Journaling Concept: Write-Ahead Log

Journaling Model:

Before journaling:
  Filesystem writes → Data blocks + Inode + Bitmap (3 separate writes, non-atomic)
  Crash → inconsistent state → run fsck (hours)

With journaling:
  Transaction begins
  Journal writes → [TxBegin | Data | Inode | Bitmap | TxCommit] (sequential)
  Filesystem writes → Data blocks + Inode + Bitmap (can be reordered by kernel)
  Transaction complete

  Crash during journal write → journal incomplete → replay skips this transaction
  Crash after TxCommit, before FS writes → replay journal → FS writes reapplied
  Crash after FS writes → journal entry marked used → recovery nothing to do

Recovery is O(journal size) — typically 128 MB. Takes seconds, not hours.

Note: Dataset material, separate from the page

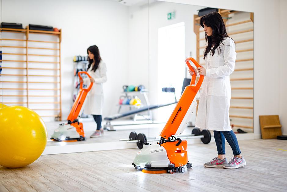 Commercial areas, hospitals, schools, restaurants and sports centres present us with complex cleaning challenges: surfaces full of obstacles, spaces that are difficult to reach, higher hygiene standards to maintain. However, even when the environments become larger and more crowded, the job doesn't have to be difficult for those who perform it. Just equip yourself with the right tools. For all these reasons we have developed WILLMOP 50, the lightest and most manageable upright scrubber dryer machine on the
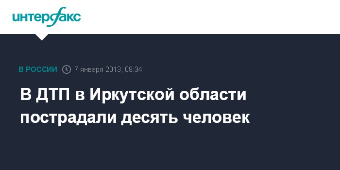 Москва. 7 января. INTERFAX.RU - В результате произошедшего в Иркутской области ДТП с участием двух легковушек пострадали десять человек.

The journal is a circular log written to a dedicated area of the filesystem (or a separate device). Transactions are committed atomically by writing a TxCommit block with a checksum. Recovery only replays complete (committed) transactions.

Journal Modes in ext4

ext4 supports three journaling modes controlled by the data= mount option:

data=writeback (fastest, least safe):

Journal: [TxBegin | Inode | Bitmap | TxCommit]  (metadata only)
Data:     written to disk at any time (before OR after metadata commit)

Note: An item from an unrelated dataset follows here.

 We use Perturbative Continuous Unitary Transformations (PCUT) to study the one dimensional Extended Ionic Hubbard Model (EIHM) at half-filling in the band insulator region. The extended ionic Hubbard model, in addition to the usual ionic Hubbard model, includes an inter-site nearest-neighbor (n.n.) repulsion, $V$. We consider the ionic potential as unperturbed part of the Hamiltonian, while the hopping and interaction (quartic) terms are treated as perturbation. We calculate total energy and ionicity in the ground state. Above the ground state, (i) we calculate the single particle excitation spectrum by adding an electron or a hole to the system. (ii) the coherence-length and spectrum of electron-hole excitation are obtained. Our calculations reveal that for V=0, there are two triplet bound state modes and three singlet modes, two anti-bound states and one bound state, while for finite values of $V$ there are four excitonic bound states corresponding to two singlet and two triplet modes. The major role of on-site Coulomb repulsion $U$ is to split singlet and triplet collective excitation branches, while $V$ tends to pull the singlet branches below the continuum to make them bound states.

No data blocks in journal — only metadata (inodes, bitmaps, directory entries)
Data and metadata writes can be arbitrarily reordered
After crash+replay: metadata is consistent, but data blocks may contain garbage (old data that was being overwritten)
Risk: you can read a file that appears to have been written but contains pre-overwrite data
Performance: highest (journal is smaller, no data ordering)

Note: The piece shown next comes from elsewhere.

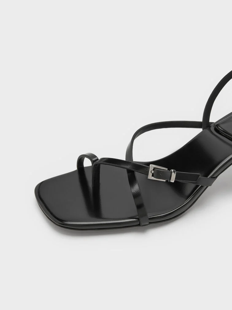 Strappy Thong Kitten Heels - black box
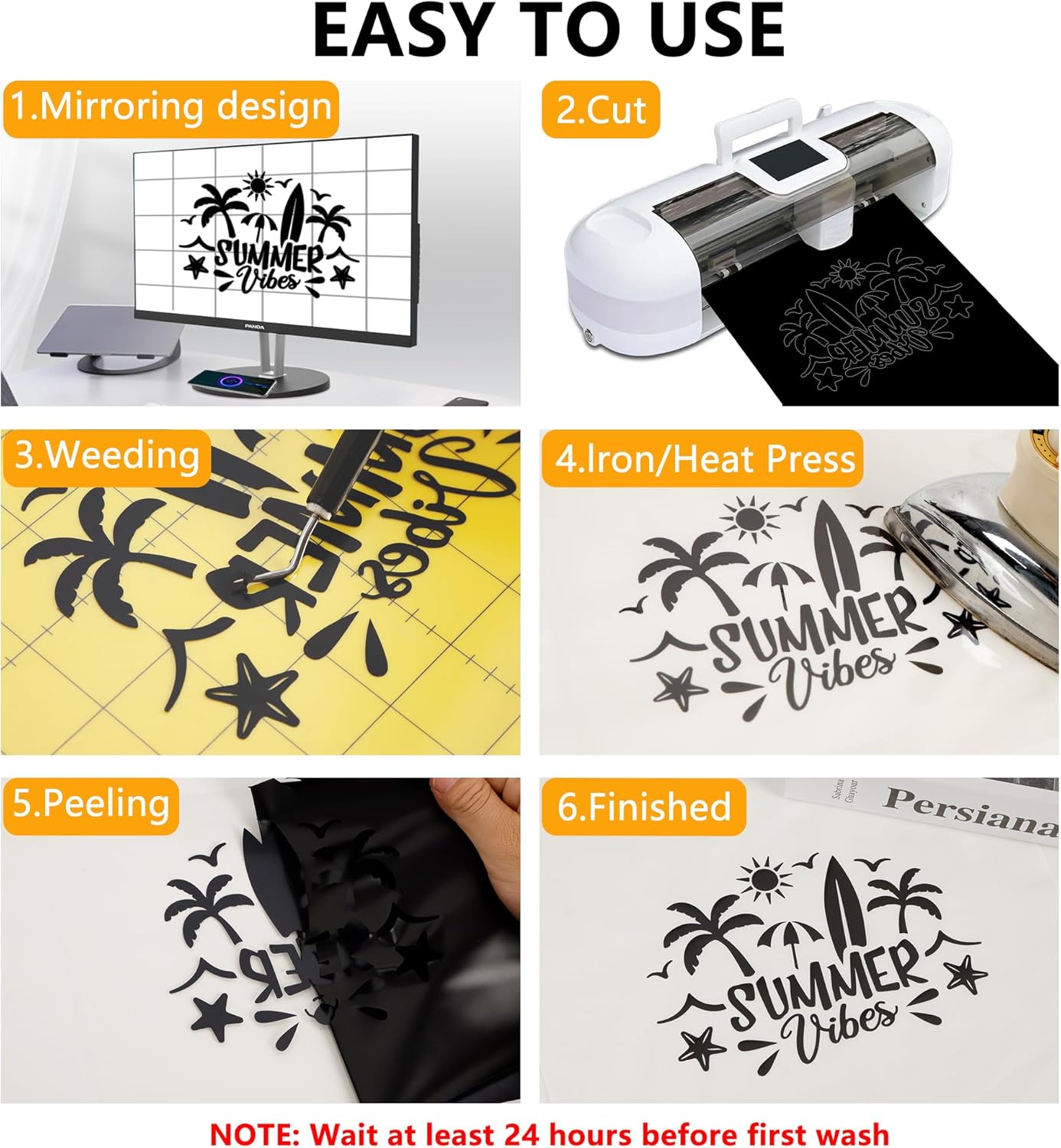- EASY TO CUT & WEED & TRANSFER: Our htv vinyl is sensitive to temperature and pressure, which can be quickly and easily to weed and peel. It is compatible with all cutter machines, most heat presses and household irons on the market, and perfect for 12x12" and 12x24" cutting mats. You can easily apply adhesive backing htv to fabric using a hot iron or hot press. Please note that it is warm peel

data=ordered (default, balanced):

1. Write data blocks to filesystem (D)
2. Write-barrier (flush, ensuring D is persistent)
3. Journal: [TxBegin | Inode | Bitmap | TxCommit]  (metadata only)

Metadata only in journal, but data is guaranteed to be on-disk BEFORE metadata transaction commits
After crash+replay: data blocks are consistent with committed metadata
No old data exposed from partially-overwritten files
Performance: moderate — one extra barrier per transaction (~10% overhead vs writeback)

data=journal (safest, slowest):

Journal: [TxBegin | Data | Inode | Bitmap | TxCommit]  (everything)
No direct filesystem writes until after journal commit

Both data and metadata written to journal first, then to filesystem
Effectively writes every byte twice (journal + filesystem)
After crash+replay: complete data+metadata integrity
Performance: 2x I/O overhead for writes; suitable only for databases with critical data
Rarely used (databases have their own WAL; O_DIRECT bypasses this anyway)

# Check current journal mode
tune2fs -l /dev/sda1 | grep "Default mount options"
# "Default mount options: user_xattr acl"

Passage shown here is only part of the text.